The problem
Teams increasingly draft with AI, but publish on their own reputation. Ask a single model whether something is true and you inherit that one model's blind spots — confidently delivered. For content you cannot afford to get wrong, one opinion is not verification.
The system
Fact Engineering treats verification as a courtroom, not a chatbot. Each claim in an uploaded document is cross-examined in parallel by a panel of frontier models from different providers — Anthropic, OpenAI, Google, DeepSeek, and others — and an LLM-as-judge weighs the evidence and issues one consensus verdict.
Scrutiny is dialed to the stakes across three tiers:
- Spell & grammar — editorial-grade cleanup in one fast pass.
- Model fact-check — the panel tests every claim against the sum of what it knows, then the judge adjudicates.
- Live research — every claim is re-investigated against the live web and returned with citations: defensible, traceable, audit-ready.
Engineering decisions that mattered
Asynchronous by design, real-time to watch. Fact-checking a long document fans out into many model calls.
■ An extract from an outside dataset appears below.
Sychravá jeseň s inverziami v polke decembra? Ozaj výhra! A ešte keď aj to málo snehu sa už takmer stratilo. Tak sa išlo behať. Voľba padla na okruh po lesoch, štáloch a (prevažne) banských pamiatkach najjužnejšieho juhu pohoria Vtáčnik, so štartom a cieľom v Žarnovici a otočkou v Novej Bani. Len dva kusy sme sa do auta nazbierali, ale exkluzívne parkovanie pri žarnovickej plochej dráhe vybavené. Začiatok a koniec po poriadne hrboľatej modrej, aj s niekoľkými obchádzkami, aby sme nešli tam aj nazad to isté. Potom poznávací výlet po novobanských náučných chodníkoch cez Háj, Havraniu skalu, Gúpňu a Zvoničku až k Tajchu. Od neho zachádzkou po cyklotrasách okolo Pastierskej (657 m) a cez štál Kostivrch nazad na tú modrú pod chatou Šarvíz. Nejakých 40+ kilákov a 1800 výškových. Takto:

The pipeline runs on AWS Step Functions and Lambda, so checks scale without a fleet of servers, and results stream back to the browser over AppSync as each verdict lands.
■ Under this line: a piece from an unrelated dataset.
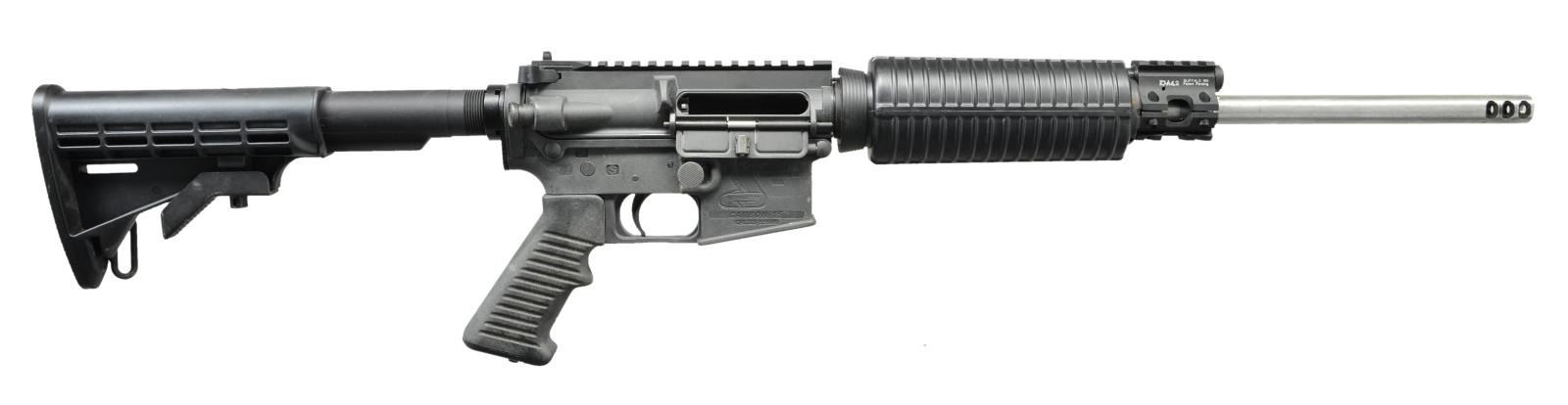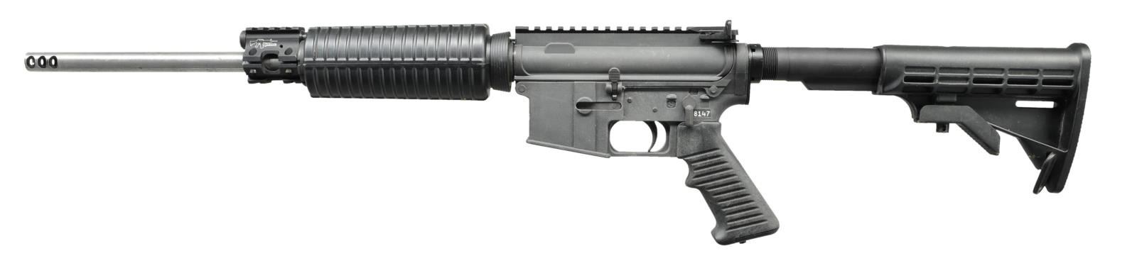 Cal. 5.56x45mm S# E28147 Bbl. 17" ported. A gently customized Carbon series of the AR-15 system by Bushmaster in Lake Havasu, AZ. CMMG K7-A4.2 piston system beneath 6" A2-style carbine handguards. Tapered delta ring. Carbon fiber flat-top upper receiver w/ brass deflector & round forward assist & carbon lower. Extended mag release. Extended charging handle release. 6-position collapsible plastic stock. Serrated pistol grip w/ storage compartment. CONDITION: Some light staining on barrel. CMMG piston kit is installed w/ aluminum gasket between gas block & barrel. Flat-top scope mount is an aluminum insert on carbon upper. Light patina around stock release bolt. Shiny bore w/ strong rifling. Fire control mechanism appears to function correctly when cycled by hand. (22-3290/JZ). MODERN. $600-1000

One provider-agnostic model layer. Panel models are routed through a single gateway, so the panel composition — which models vote, who judges, what each tier costs — lives in one configuration file. When a better model ships, the product improves by editing one file, not by rebuilding the pipeline.
Boring where it should be boring. Authentication, payments, and storage use proven managed services — WorkOS, Stripe, S3, Aurora Serverless Postgres — so the engineering budget went into the part that differentiates: the consensus engine.
The outcome
A live, self-serve product: upload a document, watch a panel of frontier models argue about it, and export verdicts with sources. Credit pricing is quoted before every check, so the price you see is the price you pay.
For xternal AI, it is also the clearest possible credential. The advice we give clients — find the profitable bottleneck, build the smallest serious system, harden it into operations — is the same playbook we bet our own product on.